Question

For all real numbers a and t |a+b| < |a| +|b|

Answer 1

proof to do.

Step-by-step explanation:

To prove that for all a & b in R, | a + b | <= | a | + | b |.

There are six cases.

1) a = 0.

LHS = | 0+b| = | b |

RHS = 0 + | b | = LHS.

2 ) b = 0.

LHS = | a + 0 | = | a |

RHS = | a | + 0 = LHS.

3) a & b are both positive.

LHS = | a + b | = | a | + | b | = RHS.

4 ) a & b are both negative. Let a = -a1, and b = -a2, where a1 & a2 are both positive. |a | = | a1 |

LHS = | - a1 - a2 | = | a1 + a2 | = | a1 | + | a2 |

= a1 + a2 = |a| + |b| = RHS

5) a is positive, and b is negative. b = -a2, where a2 > 0. | b | = | a2 | = a2.
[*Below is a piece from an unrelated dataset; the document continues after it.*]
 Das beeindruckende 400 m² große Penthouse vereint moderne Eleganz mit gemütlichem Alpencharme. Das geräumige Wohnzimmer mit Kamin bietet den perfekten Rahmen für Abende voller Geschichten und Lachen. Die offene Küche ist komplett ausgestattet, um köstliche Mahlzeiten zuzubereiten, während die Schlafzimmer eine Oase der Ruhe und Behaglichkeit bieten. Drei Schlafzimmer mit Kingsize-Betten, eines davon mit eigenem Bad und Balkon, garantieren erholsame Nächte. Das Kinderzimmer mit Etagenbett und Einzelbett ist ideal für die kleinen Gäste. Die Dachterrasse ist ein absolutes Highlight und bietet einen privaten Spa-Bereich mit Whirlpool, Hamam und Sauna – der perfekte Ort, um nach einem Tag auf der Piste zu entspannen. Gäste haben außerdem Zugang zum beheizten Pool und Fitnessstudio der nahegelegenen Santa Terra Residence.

LHS = | a + b | = | a - a2 | < a

RHS = |a | + | b | = a + a2 > a.

So LHS < RHS

6) a is negative and b is positive. It's similar to the case 5. LHS is < b. RHS is more than b. So LHS < RHS.

So the proof is complete.

Answer 2

The inequality \(|a + b| < |a| + |b|\) holds true for all real numbers \(a\) and \(b\). This inequality essentially states that the absolute value of the sum of two numbers is always less than or equal to the sum of the absolute values of those numbers.
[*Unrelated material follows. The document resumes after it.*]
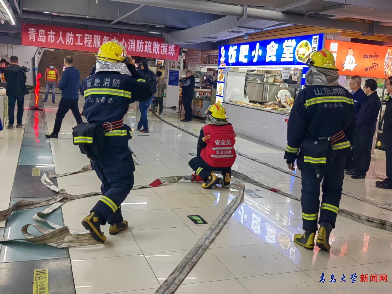 上午10时,伴随着预先警报的拉响,防空防灾疏散演练正式开始,参与活动的百名师生在人防志愿者引导下,按照预定疏散路线迅速、有序、安全地疏散到指定人防工程。在随后进行的消防应急处置演练中,工作人员点燃烟雾弹、崂山区消防救援大队消防官兵把模拟火场搬到现场,演示铺设水带灭火,讲解消防安全知识、灭火器知识和操作技巧,并分组进行灭火实操演练,让师生们“沉浸式”体验火灾逃生“第一现场”。

This property is a consequence of the triangle inequality for real numbers. The triangle inequality states that for any real numbers \(a\) and \(b\), the sum of the absolute values of \(a\) and \(b\) is greater than or equal to the absolute value of their sum:

\[|a| + |b| \geq |a + b|\]

So, the inequality \(|a + b| < |a| + |b|\) is true for all real numbers \(a\) and \(b\).